To do: Find the line holding "Bluszcz, Kolorowe, Ściana, Grafika, Okno, Kwiaty" in the entries below. Give it again exactly, along with every line after it up to and including the line holding "Как видим, Небесный".

Materials provided:

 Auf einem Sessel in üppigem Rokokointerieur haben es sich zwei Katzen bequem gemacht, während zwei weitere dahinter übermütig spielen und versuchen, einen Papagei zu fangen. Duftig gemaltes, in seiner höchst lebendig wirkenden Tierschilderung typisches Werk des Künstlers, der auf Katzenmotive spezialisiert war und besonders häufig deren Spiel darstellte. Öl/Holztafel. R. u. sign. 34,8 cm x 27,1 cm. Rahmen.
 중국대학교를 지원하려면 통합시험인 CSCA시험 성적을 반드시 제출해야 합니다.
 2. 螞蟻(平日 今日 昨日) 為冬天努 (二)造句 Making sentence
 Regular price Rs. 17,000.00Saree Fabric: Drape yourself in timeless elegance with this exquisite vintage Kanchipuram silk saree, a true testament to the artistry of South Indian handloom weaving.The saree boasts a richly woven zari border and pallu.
* * *
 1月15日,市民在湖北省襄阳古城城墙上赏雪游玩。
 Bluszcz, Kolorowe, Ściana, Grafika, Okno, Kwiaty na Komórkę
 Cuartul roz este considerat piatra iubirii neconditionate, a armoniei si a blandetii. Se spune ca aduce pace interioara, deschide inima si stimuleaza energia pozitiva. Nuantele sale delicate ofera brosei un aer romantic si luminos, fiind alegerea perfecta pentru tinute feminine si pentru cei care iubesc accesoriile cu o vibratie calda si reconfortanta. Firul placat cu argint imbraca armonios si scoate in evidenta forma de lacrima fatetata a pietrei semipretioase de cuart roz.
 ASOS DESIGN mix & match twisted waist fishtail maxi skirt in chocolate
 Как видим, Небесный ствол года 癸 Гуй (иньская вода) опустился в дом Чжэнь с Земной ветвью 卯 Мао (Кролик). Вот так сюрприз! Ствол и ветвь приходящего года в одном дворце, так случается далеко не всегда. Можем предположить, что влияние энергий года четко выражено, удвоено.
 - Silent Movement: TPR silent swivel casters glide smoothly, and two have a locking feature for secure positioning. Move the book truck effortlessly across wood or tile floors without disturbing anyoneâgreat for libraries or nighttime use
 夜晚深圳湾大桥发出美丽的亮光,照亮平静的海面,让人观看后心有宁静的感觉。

Solution:
 Bluszcz, Kolorowe, Ściana, Grafika, Okno, Kwiaty na Komórkę
 Cuartul roz este considerat piatra iubirii neconditionate, a armoniei si a blandetii. Se spune ca aduce pace interioara, deschide inima si stimuleaza energia pozitiva. Nuantele sale delicate ofera brosei un aer romantic si luminos, fiind alegerea perfecta pentru tinute feminine si pentru cei care iubesc accesoriile cu o vibratie calda si reconfortanta. Firul placat cu argint imbraca armonios si scoate in evidenta forma de lacrima fatetata a pietrei semipretioase de cuart roz.
 ASOS DESIGN mix & match twisted waist fishtail maxi skirt in chocolate
 Как видим, Небесный ствол года 癸 Гуй (иньская вода) опустился в дом Чжэнь с Земной ветвью 卯 Мао (Кролик). Вот так сюрприз! Ствол и ветвь приходящего года в одном дворце, так случается далеко не всегда. Можем предположить, что влияние энергий года четко выражено, удвоено.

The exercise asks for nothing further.